*Extracted records*
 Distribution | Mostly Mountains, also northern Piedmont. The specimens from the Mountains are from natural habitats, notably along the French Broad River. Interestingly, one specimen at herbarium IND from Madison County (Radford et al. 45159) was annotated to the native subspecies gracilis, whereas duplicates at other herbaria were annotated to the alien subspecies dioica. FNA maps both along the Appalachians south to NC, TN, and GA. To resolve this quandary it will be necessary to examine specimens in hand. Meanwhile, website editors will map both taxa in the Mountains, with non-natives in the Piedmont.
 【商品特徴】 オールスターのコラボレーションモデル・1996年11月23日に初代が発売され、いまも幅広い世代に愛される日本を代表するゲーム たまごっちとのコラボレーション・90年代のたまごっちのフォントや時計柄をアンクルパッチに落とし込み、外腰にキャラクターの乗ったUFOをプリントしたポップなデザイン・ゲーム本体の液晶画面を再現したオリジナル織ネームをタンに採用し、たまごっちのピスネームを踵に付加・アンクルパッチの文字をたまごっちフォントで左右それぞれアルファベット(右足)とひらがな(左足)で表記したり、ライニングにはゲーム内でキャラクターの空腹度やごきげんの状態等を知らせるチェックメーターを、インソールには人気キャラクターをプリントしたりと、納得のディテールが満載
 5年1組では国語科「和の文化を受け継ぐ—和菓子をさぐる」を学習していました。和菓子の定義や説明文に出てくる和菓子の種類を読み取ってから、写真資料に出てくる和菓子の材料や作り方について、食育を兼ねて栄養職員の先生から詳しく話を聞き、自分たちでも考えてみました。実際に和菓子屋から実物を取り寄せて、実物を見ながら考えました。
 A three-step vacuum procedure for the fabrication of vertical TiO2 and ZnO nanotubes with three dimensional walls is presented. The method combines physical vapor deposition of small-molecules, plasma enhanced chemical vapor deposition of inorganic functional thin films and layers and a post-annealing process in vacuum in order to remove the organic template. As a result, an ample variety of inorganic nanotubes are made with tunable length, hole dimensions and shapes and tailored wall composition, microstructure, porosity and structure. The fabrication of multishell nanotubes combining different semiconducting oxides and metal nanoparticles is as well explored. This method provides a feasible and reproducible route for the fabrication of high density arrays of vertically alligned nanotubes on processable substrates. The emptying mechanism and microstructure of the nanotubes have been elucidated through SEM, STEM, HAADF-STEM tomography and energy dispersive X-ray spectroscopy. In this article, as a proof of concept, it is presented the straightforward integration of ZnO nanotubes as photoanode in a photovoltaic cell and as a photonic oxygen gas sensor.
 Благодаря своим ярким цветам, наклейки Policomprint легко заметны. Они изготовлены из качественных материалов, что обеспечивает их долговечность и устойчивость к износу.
---
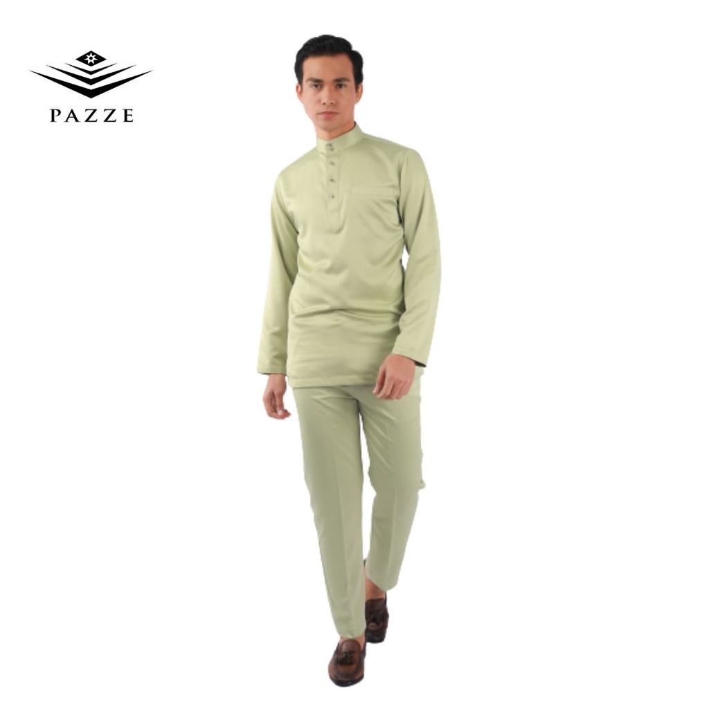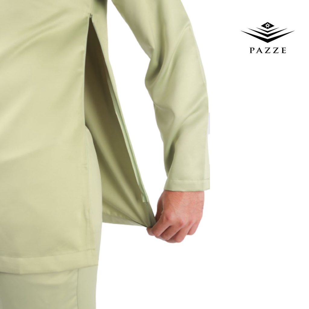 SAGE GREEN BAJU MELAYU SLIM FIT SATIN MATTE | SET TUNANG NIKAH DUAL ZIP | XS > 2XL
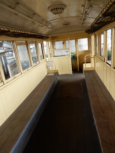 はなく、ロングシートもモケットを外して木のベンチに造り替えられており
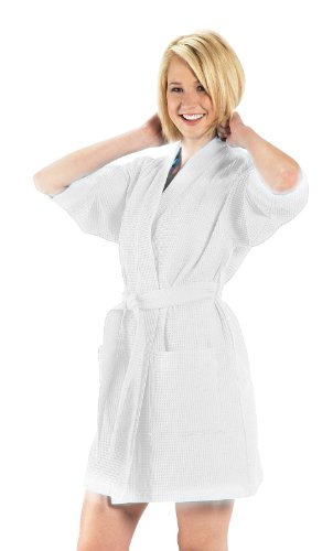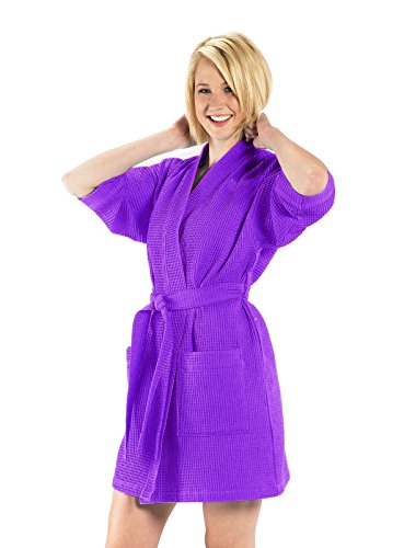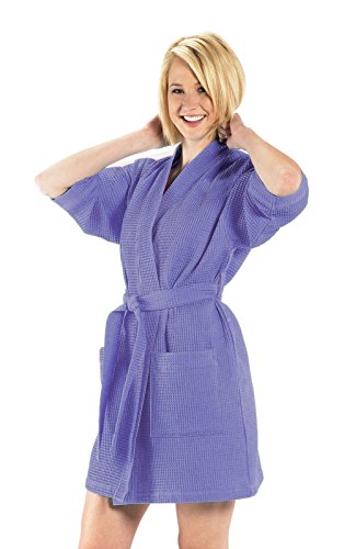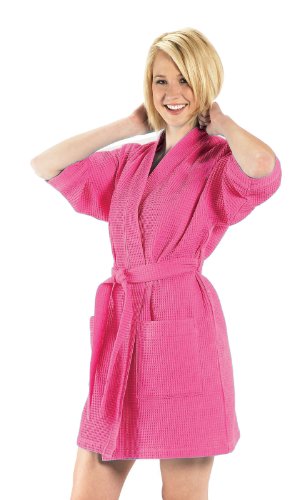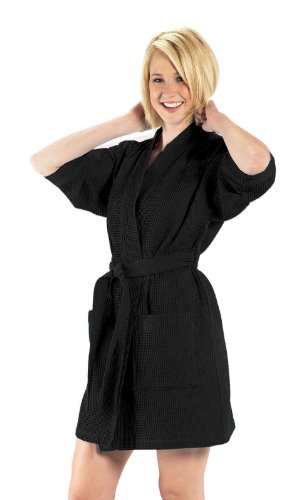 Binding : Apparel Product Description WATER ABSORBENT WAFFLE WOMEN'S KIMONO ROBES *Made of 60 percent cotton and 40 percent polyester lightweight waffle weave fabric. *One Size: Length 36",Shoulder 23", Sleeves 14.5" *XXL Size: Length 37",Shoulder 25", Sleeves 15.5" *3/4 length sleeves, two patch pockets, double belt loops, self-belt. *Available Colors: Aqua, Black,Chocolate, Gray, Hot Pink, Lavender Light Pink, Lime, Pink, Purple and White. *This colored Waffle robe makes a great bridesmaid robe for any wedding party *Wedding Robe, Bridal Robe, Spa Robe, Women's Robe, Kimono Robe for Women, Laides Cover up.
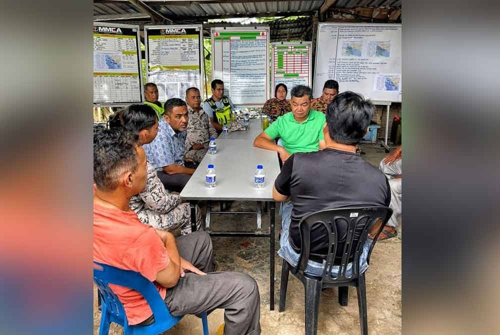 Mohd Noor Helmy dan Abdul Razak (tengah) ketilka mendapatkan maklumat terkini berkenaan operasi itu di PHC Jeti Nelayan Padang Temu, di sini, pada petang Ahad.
...
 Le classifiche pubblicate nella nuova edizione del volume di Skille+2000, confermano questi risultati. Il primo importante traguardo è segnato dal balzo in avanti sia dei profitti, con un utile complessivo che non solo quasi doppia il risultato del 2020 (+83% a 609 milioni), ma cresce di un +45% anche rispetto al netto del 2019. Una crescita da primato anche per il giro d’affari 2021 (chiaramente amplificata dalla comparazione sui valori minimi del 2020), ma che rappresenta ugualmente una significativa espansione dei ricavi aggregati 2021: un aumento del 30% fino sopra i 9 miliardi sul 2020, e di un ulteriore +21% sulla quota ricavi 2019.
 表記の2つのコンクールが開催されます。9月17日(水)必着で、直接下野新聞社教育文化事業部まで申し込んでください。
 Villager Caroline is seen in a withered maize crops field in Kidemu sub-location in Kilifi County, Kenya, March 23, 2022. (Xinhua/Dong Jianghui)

*Your goal*
Lines that contain the word "County": how many are there in the data? Give the number and nothing else.

*Output of the exercise*
2